Politically, this represents a significant weakening of consumer — and worker protections. If successful, it could set a dangerous precedent for other industries to lobby for similar blanket immunities, unraveling the regulatory framework that holds corporations to account. For instance, the very battles waged over workers’ rights and safe conditions in factories and labor camps in regions like South Asia or the Middle East – often documented through extensive NGO reporting and, on occasion, wire service investigations – illustrate how easily corporations, even those ostensibly providing ‘progress,’ can push legislative boundaries to minimize operational costs, particularly when robust public oversight falters. It implies a legal double standard where corporate entity takes precedence over individual safety and justice, potentially making it much harder for victims, particularly women and marginalized communities, to seek redress.
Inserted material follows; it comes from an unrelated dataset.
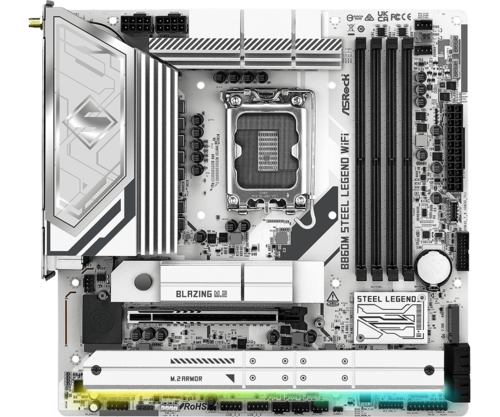 Материнская плата ASRock B860M Steel Legend WiFi – устройство форм-фактора Micro-ATX с размерами 244x244 мм подходит для сборки мощного универсального компьютера для дома или офиса. Плата работает под управлением чипсета Intel B860 и поддерживает Intel Core Ultra (серия 2). Схема питания 12+1+1+1+1 гарантирует реализацию потенциала мощных игровых CPU, а подсистема памяти с поддержкой технологий разгона XMP 3.0 обеспечивает стабильность работы модулей DDR5. Максимальный объем ОЗУ равен 256 ГБ.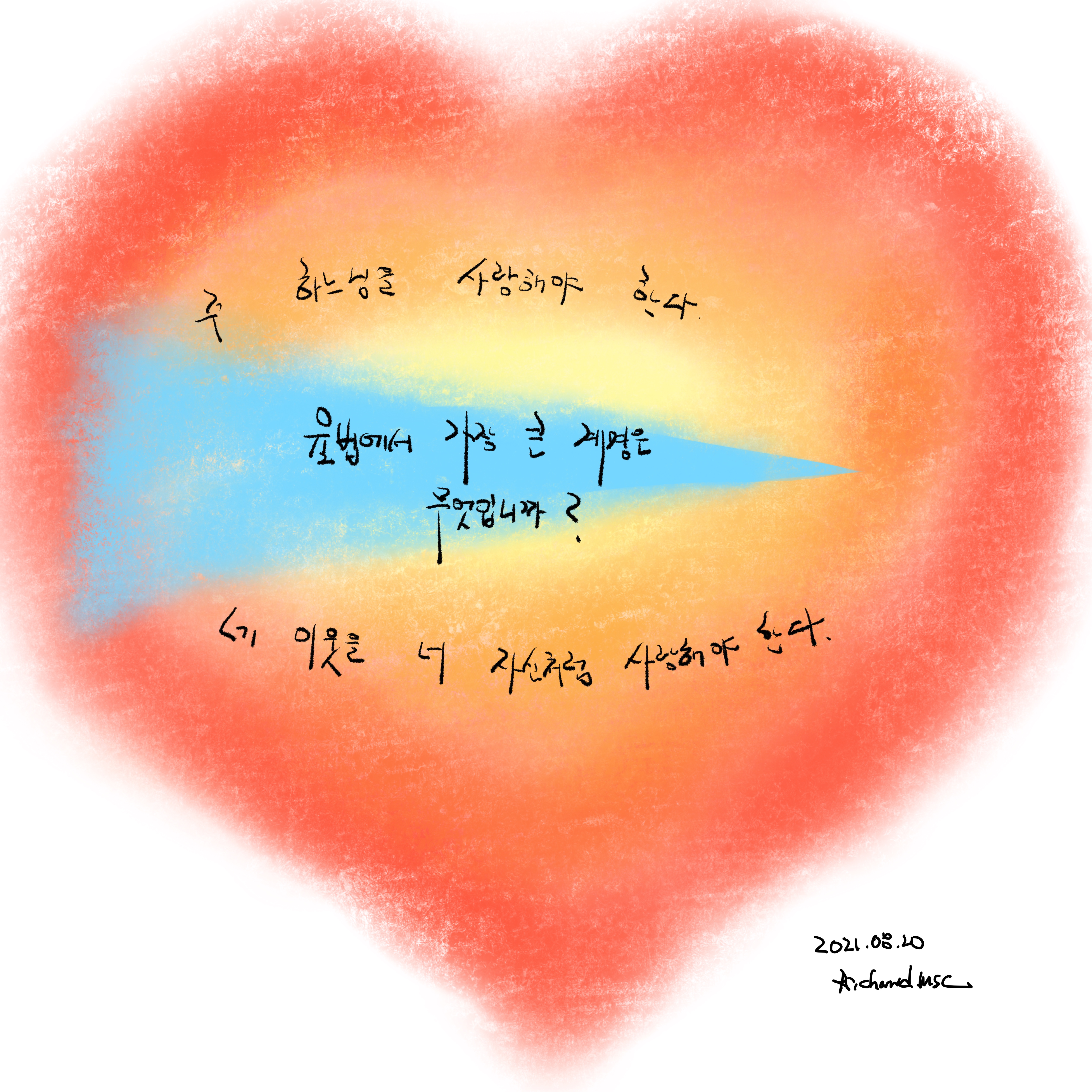 예수님을 이기고자 질문을 던진 바리사이들에게 이 예수님의 대답은 차갑게 들렸을지도 모르겠습니다. 예수님을 따르고자 애쓰는 이들에게는 부담으로 들렸을지도 모르겠습니다. 하지만 예수님을 사랑하는 이들에게 이 대답은 더 없이 따뜻하게 들렸을 것입니다. 사랑에 빠진 사람에게는 사랑을 애써 설명하지 않아도 되니까요. 그렇지만 저에게도 실은 자주 예수님과의 사랑이 식어 버린 듯하게 느끼는 때가 자주 찾아옵니다. 하지만 오늘 복음을 묵상하며 이런 생각을 하게 됩니다. 그리고 다시 사랑에 눈뜨게 될 때를 기다릴 인대를 조금 더 갖게 됩니다. 그 생각은 이렇습니다.

it begs the question of accountability in a digital age. Platforms that facilitate services, derive immense profit, and dictate terms for millions of users effectively operate as monopolies in many locales. To then demand immunity from the adverse outcomes facilitated by their very structure demonstrates a remarkable detachment from social responsibility. The outcome of this particular legislative skirmish could have long-term consequences for how society balances the innovation and convenience of new technologies against the fundamental need for safety and justice. Just think of how a similar lack of regulatory foresight often exacerbates challenges, from online censorship to human rights infringements that silently erase basic freedoms. The power dynamic, you see, is strikingly consistent.